The first Indians to cast votes in general elections were a group of Buddhists from the tehsil of Chini in Himachal Pradesh; they cast their votes ahead of others in October due to their valleys being shut by snowfall in January and February of 1952 when the rest of the country voted.
Once in every five years, each person in India is equally important. Once in five years, the magic of democracy is repeated and the impoverished, the rich, the malnourished, the obese, the literate and the illiterate sail in the same boat. The first general elections in India were nothing short of a miracle; to get at least some part of India’s humungous population to contribute to the establishment of a new republic. Strangely, for an event of such great importance, it has not received much attention from dilettantes or historians.

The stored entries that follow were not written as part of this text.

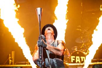 De la jornada del sábado destacó sin duda la puesta en escena de Deftones, con un Chino Moreno en plena forma y con un repertorio que se atreve con trallazos como “Head up” o “My own summer”, alguna nuevas como “Diamond eyes”, donde Chino aprovechó para darse un baño de masas cantando junto a a las primeras filas de fans, y otras clásicas en su set-list como “Be quiet and drive”, “Passenger” o “Change". Debido al excesivo calor, las inmensas nubes de arena que se levantaban y los empujones en las primeras filas la organización no tuvo más remedio que sacar unos aspersores de agua para refrescar un poco el ambiente y calmar los ánimos, ya que en canciones como “7 words” se originaron unos pogos bastante comprometidos a base de empujones y golpes que hacían peligrar la seguridad. Otros que se quedaron muy a gusto después de tocar fueron Soulfly, la banda de Max Cavalera lució una banderita brasileña en el escenario y soltó todo su poder con temas propios como “Back to the primitive” y varios de Sepultura como “Roots bloddy roots". Quienes también merecieron un vistazo fueron Alice in Chains, que presentaban nuevo disco junto a su ya integradísimo cantante William Duval. Piezas más antiguas como “Them bones”, “Man in the box” o “We die young” se ensamblaron con nuevas como “Sick my brain”, donde Jerry Cantrell (guitarra) también se atrevío a cantar llevando él solito el peso entero de la banda. Fue ya al final con “Would” y “Rooster” cuando se desató la vena nostálgica, los aplausos y el reconocimiento para una de las bandas estandartes del llamado en su día sonido grunge. Puede ser que Megadeth fuese uno de esos grupos condenados a tocar en un escenario pequeño cuando por derecho propio se merecían tocar para un aforo más amplio, de todas maneras Dave Mustaine y los suyos supieron estar a la altura para acometer canciones nuevas como “Head crusher” y otras míticas como “Symphony of destruction”. Por razones evidentes el plato fuerte del festival fueron los alemanes Rammstein que con un montaje espectacular dejaron obnubilados a todo el mundo sin excepción. Nada más arrancar el show cayó un telón negro que dio paso a una bandera alemana gigante tras la que empezaron a tocar “Rammlied”. No habían llegado a la tercera canción cuando empezó la pirotecnia a dar señales de vida con micrófonos a modo de lanzallamas, explosiones de todo tipo, cañones de fuego y un largo etcétera de efectos que adornaron canciones como “Waidmanns heil”, “Feuer frei!” o “Ich tu dir weh”. Hubo momentos del show un poco sobreactuados, como cuando Till Lindemann (voz) sepultó a Flake Lorenz (teclista) en una bañera que luego hizo explotar o cuando roció de gasolina y prendió fuego a lo bonzo a un pobre desalmado que apareció corriendo por el escenario con un traje ignífugo. Aun así hay que reconocerles que la puesta en escena es soberbia y que temas como “Du hast” o “Ich will” entran mejor con un poco de parafernalia industrial pero de la de verdad, además hay que destacar que todo el escenario estaba cuidado al detalle al igual que su vestuario y atrezzo. Poca falta les hacía disparar cañones de humo y lanzar fuegos artificiales por encima del escenario ya que gracias a las nubes de arena y el sudor de los miles de fans más que estar tocando en un festival al aire libre parecía que estuvieran haciéndolo en un garito gigantesco con la atmosfera perfecta. Como anécdota comentar que Rammstein fueron practicamente los únicos que no hicieron referencias al mundial de fútbol, ni corearon el tan famoso “Oe oe” con el público y ni tampoco dieron ánimos para el partido contra Holanda, debe ser que nos les hizo mucha gracia que España les eliminase en semis. Asi que otra vez será, o no.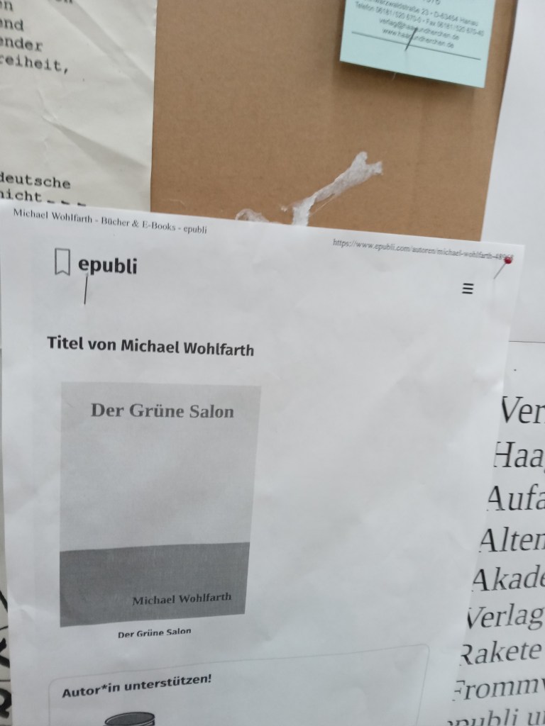 epubli/Eigenverlag Michael Wohlfarth/ Günter Schade EPUB-Satz und Lektorat DER GRÜNE SALON, Fortsetzungsroman von AMERICA (bei Fam.Wohlfarth@t-online.de als Druck erhältlich).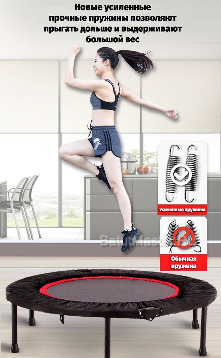 Благодаря продуманным размерам и прочной конструкции, батут можно устанавливать практически в любом месте: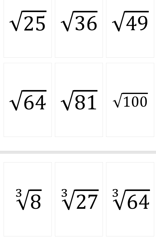 Zestaw 45 fiszek powtórzeniowych dotyczących obliczania w pamięci wartości pierwiastków kwadratowych i sześciennych z liczb naturalnych i całkowitych oraz elementarnych ułamków. Fiszki sprawdzą się jako kilkuminutowy przerywnik lekcji i powtórka przed egzaminem, można je także wykorzystać jako rozpoczęcie lekcji (np. każdy uczeń przed wejściem do sali otrzymuje jedną fiszkę i musi podać odpowiedź, po czym wchodzi do sali). Fiszki sprawdzą się również jako samodzielna powtórka ucznia w domu. Materiał odpowiedni dla uczniów klasy 8 SP, ale także dla klasy 7 SP, która już omówiła pierwiastki. Po samodzielnym wydrukowaniu proponuję je zalaminować, aby wydłużyć ich trwałość.

India is one of the very few nations which forayed into the realm of democracy arm in arm with the universal adult franchise; most countries like the UK and the United States reserved the right to vote for men of property and then men from the working class with the women excluded until a very long time. India championed voting rights for everyone [through the Representation of the People Act of 1951] even before the UN hosted the Convention on the Political Rights of Women in New York which released the first international law document to protect women’s political rights and suffrage. By initiating this emphasis and drive for inclusion, the government created an intricate mammoth task for itself. While inclusivity sounds rosy, in practice it is a very rocky ship to master. Including men and women of all classes meant accommodating 176 million people out of which approximately 85 per cent could not read or write which in turn meant that the election process had to be simplified greatly and was to become a process of assistance to the practice of democracy.
To handle this mammoth task, the mathematician civil servant Sukumar Sen was appointed as the Chief Election Commissioner on March 21, 1950. While proposing the People’s Representation Act, Nehru expressed a wish for election in as early as the spring of 1951. However, realising the herculean task and challenges in front, Sen deferred it by another year and the first general elections were held in early 1952 [voting had begun in some areas which would become inaccessible due to climate from October 1951].
Sen’s efforts in organising the elections were tireless; he personally visited every state in order to check the preparedness and attended at least one polling rehearsal in almost every state. He had realised the challenges that an election practice of such a monumental scale brought with itself. In his own words, the elections were “like re-joining of a historic thread that had been snapped by alien rule.”
Identifying and registering voters, the very first step in any election, was perhaps the hardest due to the remarkably low literacy level of the population. The voters had to be approached for information collection in every corner of this vast and varying country. However, this exercise was stupendously successful considering that only about seven million adults out of 176 million were left out; it must also be noted that out of these seven million, about 2.8 million people were women who refused to give their real names and wanted to be registered under the patriarchal possession epithets such as Wife of A or Daughter of B which led to their disqualification from electoral registers.
Party symbols, ballot boxes and ballot papers were prepared for a largely unlettered population. A rather unique feature of the Indian electoral process is the dazzling range of political parties that take part in it. The first elections saw a total of 26,120 candidates file their nomination papers, contesting from a myriad of parties such as the Indian National Congress, JB Kriplani’s KMPP, the Socialist Party, the Hindu supremacist Jana Sangh, Ambedkar’s Scheduled Caste Federation and the Communist Party of India. The candidates submitted a fee of Rs.50/- along with their nominations.
Another feature of elections which has remained mostly the same since the first elections is the process of campaigning; visual symbols and cues, door to door campaigning, large rallies and one to one canvassing appeals just as much to the illiterate populace as it does to the literate ones. Invoking caste and religious solidarities, painting symbols on cows, inter-party attacks and using specific iconographies to invoke a community feeling were used in the first elections to canvass votes, and these practices persist even after decades.
The voting process ended by the last week of February in 1952, and the entire election process concluded on June 4, 1952, when the West Bengal Legislative Council election was completed by the tireless efforts of numerous people. 16,523 clerks spent over six months in comparing the rolls with delimited constituencies, about 700,000 polling duty personnel and nearly 340,000 policemen were detailed for polling duties all over the country. 60 percent of the registered voters exercised their right to vote among many many magical tales of the people’s dedication to voting; from tribals coming to the booths with elephants and bows and arrows in Orissa to old frail woman 110 years of age in Madurai who came to vote propped by her grandsons on either side. India’s true magic lies not in its oriental mysticism but in the persistence of its people’s will to run a democracy.
Pavitra is a second year History student at Lady Shri Ram College for Women. She writes about culture, History and politics.